Monday, January 18, 2010

Letter from Birmingham Jail


When thinking of Martin Luther King Jr., many a minds eye will jump to the powerful "I Have a Dream" speech delivered before the multitude on the steps of the Lincoln Memorial or perhaps to the moving "I've Been to the Mountaintop" sermon given in Memphis, Tennesse. It is in these indelible images and his stirring orations that King, the civil rights leader, is lauded and remember.


But Martin Luther King, Jr. was also a man, a husband, a father... who lived, day to day, in the word of Jim Crow segregation, of blatant discrimation, and of violent intolerance. It was this world that he protested in Birmingham, Alabama in April of 1963 as part of a planned non-violent protest conducted by the Alabama Christian Movement for Human Rights and King's Southern Christian Leadership Conference against racial segregation by Birmingham's city government and downtown retailers. King was arrested and jailed in the course of the protests which produced many of the iconic and heart wrenching images of the civil rights movement.


It is then while in jail, King wrote the "Letter from Birmingham Jail" on April 16, 1963. The civil rights movement was fracturing. Some with the movement agitated for ever more aggressive street protests while others pressed for the battle against racial segregation to be fought solely within the courts. Indeed, King's letter was a response to a statement released by eight white Alabama clergymen on April 12, 1963, titled "A Call For Unity". King was increasingly leaning towards the more radicalized segements of the movement believing that without nonviolent forceful direct actions such as his, true civil rights could never be achieved.

It is these calm yet resolute words of King the man that have touched me so deeply. Read... He explains why waiting (for the courts) is impossible.
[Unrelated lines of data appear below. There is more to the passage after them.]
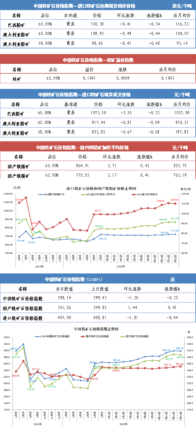 【行业指数】7月15日中国铁矿石价格指数
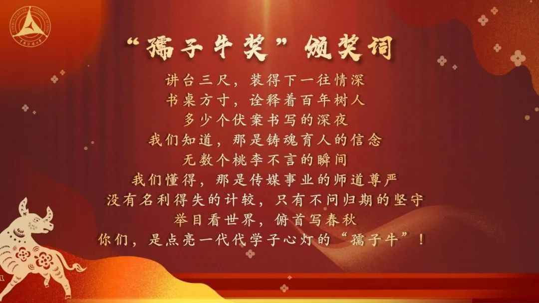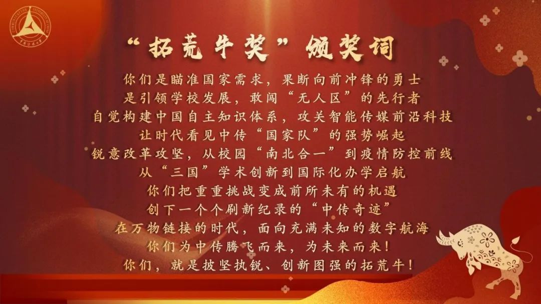 张树庭指出,“三牛奖”的落地,进一步优化了我校教师荣誉体系,彰显了“不让勇于担当的老实人吃亏”的中传干事文化,对更好地激发广大教职员工担当作为的热情和决心,激励大家积极投身学校事业和教育强国建设实践,具有十分重要的意义。他希望受到表彰的个人和团体再接再厉,希望全体教职员工向身边榜样学习,大力弘扬“三牛”精神,激发工作动能,强化使命担当,为中传的升级腾飞再立新功!
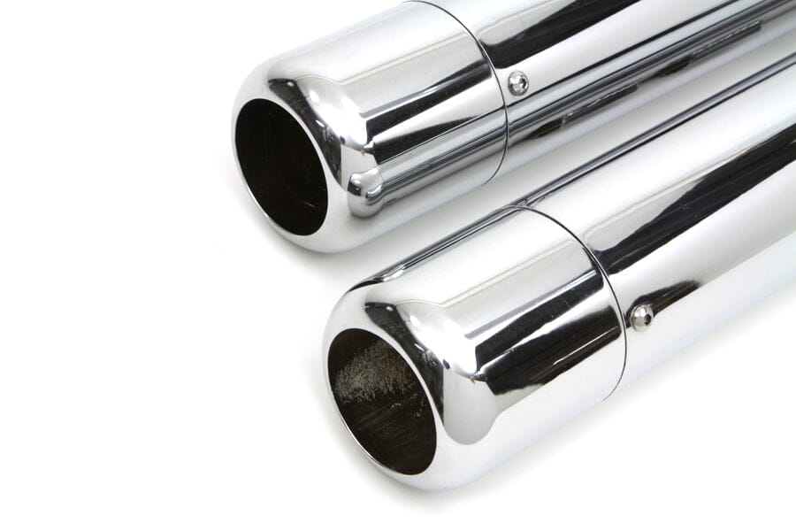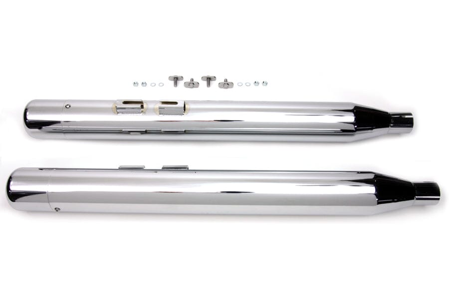 Chrome muffler set has 3.5" outer diameter with 2.5" baffles.Baffles are not removable. Order replacement T-bolts separately VT-31-1971, if required.
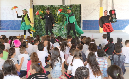 Embora o projeto “Agente de Trânsito Mirim” seja focado nos alunos do quarto ano, as atividades lúdicas e educativas nas escolas foram direcionas para diversas faixas etárias. Uma das ações mais bem recebidas neste ano foi a visita do grupo Cia Sopa de Comédia. Nas apresentações, a trupe teatral se veste de animais como jacaré, tartaruga e joaninha para falar por meio de parábolas e canções com as crianças, num espetáculo divertido e colorido.
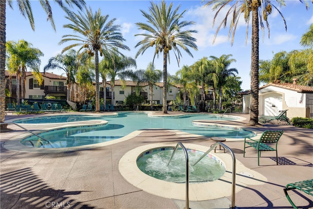 Curtain rising!! Highly sought after "Montego" Condominium in Murrieta! Experience the joy of owning your own home in this 2 Bedroom/2.5 Bath, 1,016 sq ft living space. Beautiful Kitchen features Tile Counter Tops, Dishwasher, Refrigerator, Maple Cabinets, Bar Seating, Breakfast Nook, Laundry Enclosure, and opens to your Living Room. Come home to comfort and relax in the large living area and outdoor patio. Upstairs are 2 nice size Bedrooms each with their own Bathroom. The Master Bedroom includes a Walk-In Closet and Master Bathroom. This home, also featuring A/C, ceiling fans, gorgeous plantation shutters throughout, beautiful carpeting, and so much more! Pet friendly, Low HOA fees, Community Pool, 3 Spas, this complex has everything you need and want. Located near golf courses, shopping, restaurants and entertainment!...Please be sure to view our videos for more views of this beautiful home.
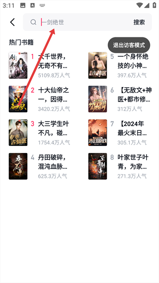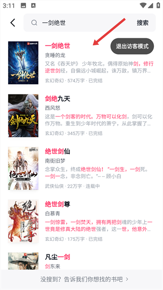 2、进入搜索界面,在输入框中填写小说名称,进行搜索。
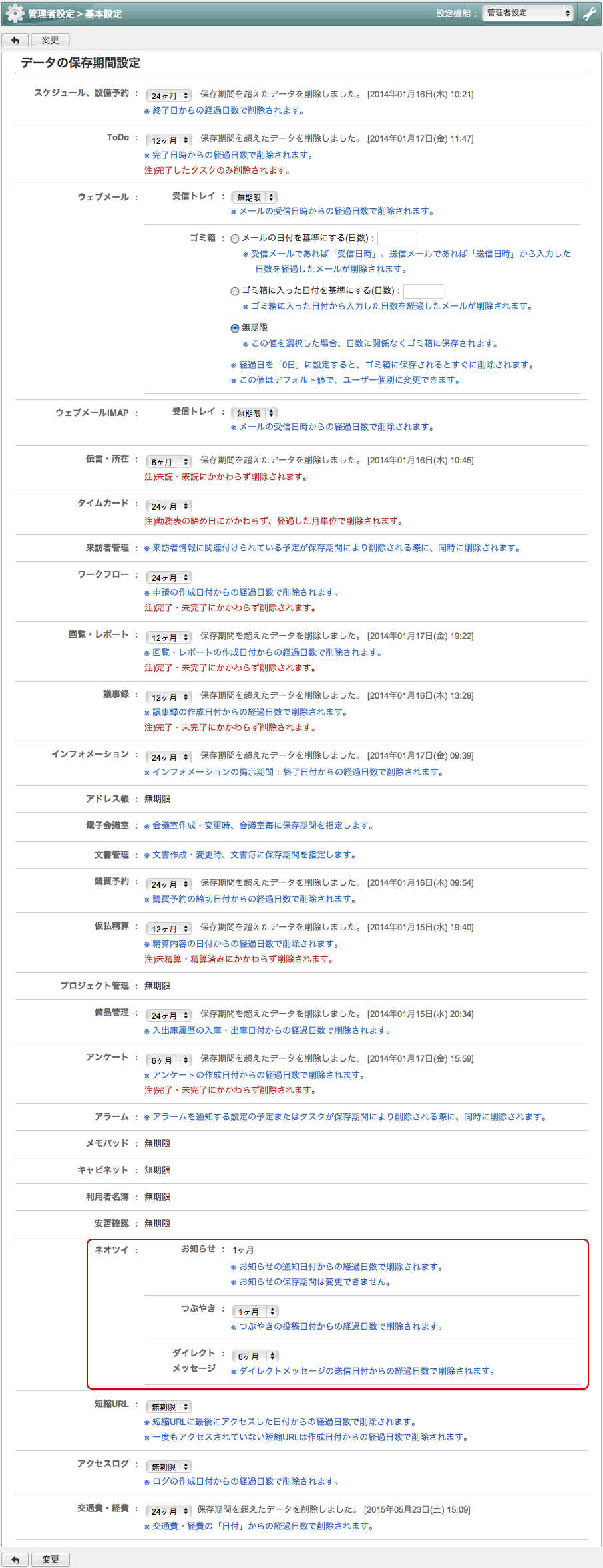 これまで ウェブメール>システム管理>共通設定 にあった「メール送信前の確認」項目、「送信の取消し」項目が、誤送信防止設定画面に統合されました。
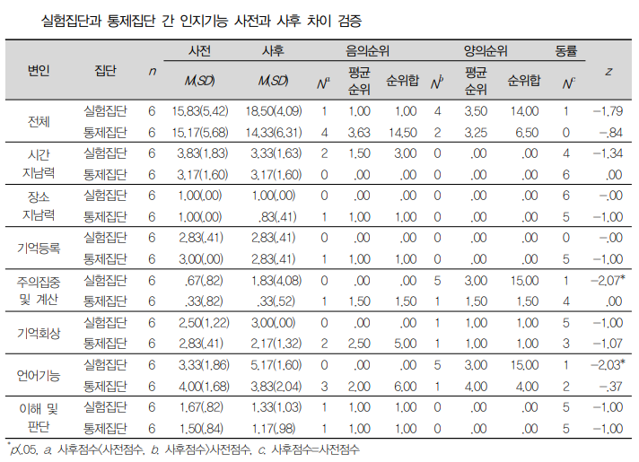 실험 집단의 인지기능 척도는 사전 점수 평균 15.83에서 사후 점수 평균 18.50으로 사전보다 사후점수가 증가했으나 통계적으로 유의하지 않았다(z=-1.79, p>.01).
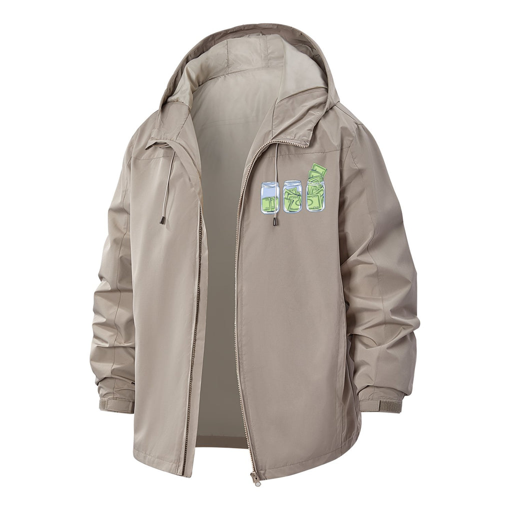 Money Jar Motif Unisex Full-Zip Printed Waterproof Hooded Windbreaker
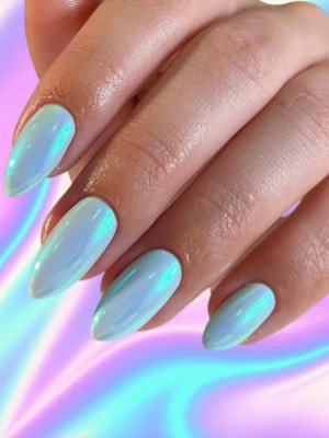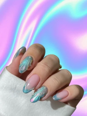 French tips go full oceanic with holographic aqua polish that shimmers like sunlit waves. Elegant, glossy, and mesmerizing.
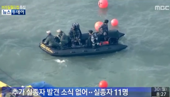 범정부사고대책본부는 이날 오전 민관군 합동구조팀이 지난 30일 오후 3시 7분부터 4시 27분까지, 이날 오전 3시 57분부터 5시 26분까지 두 차례에 걸쳐 수중수색을 했지만 실종자를 발견하지는 못했다고 밝혔다.
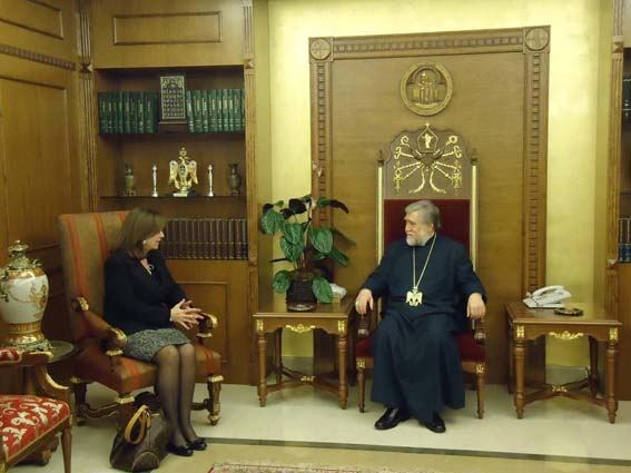 Լիբանանի մէջ Յունաստանի նոր նշանակուած դեսպան դոկտ. Քաթրին Պուրան Ուրբաթ, 13 Յունուար 2012-ի առաւօտուն այցելեց Անթիլիասի մայրավանքը եւ երկար հանդիպում մը ունեցաւ Արամ Ա. կաթողիկոսին հետ:

"Perhaps it is easy for those who have never felt the stinging dark of segregation to say, "Wait." But when you have seen vicious mobs lynch your mothers and fathers at will and drown your sisters and brothers at whim; when you have seen hate-filled policemen curse, kick and even kill your black brothers and sisters; when you see the vast majority of your twenty million Negro brothers smothering in an airtight cage of poverty in the midst of an affluent society; when you suddenly find your tongue twisted and your speech stammering as you seek to explain to your six-year-old daughter why she can't go to the public amusement park that has just been advertised on television, and see tears welling up in her eyes when she is told that Funtown is closed to colored children, and see ominous clouds of inferiority beginning to form in her little mental sky, and see her beginning to distort her personality by developing an unconscious bitterness toward white people; when you have to concoct an answer for a five-year-old son who is asking: "Daddy, why do white people treat colored people so mean?"; when you take a cross-county drive and find it necessary to sleep night after night in the uncomfortable corners of your automobile because no motel will accept you; when you are humiliated day in and day out by nagging signs reading "white" and "colored"; when your first name becomes "nigger," your middle name becomes "boy" (however old you are) and your last name becomes "John," and your wife and mother are never given the respected title "Mrs."; when you are harried by day and haunted by night by the fact that you are a Negro, living constantly at tiptoe stance, never quite knowing what to expect next, and are plagued with inner fears and outer resentments; when you are forever fighting a degenerating sense of "nobodiness" then you will understand why we find it difficult to wait. There comes a time when the cup of endurance runs over, and men are no longer willing to be plunged into the abyss of despair. I hope, sirs, you can understand our legitimate and unavoidable impatience."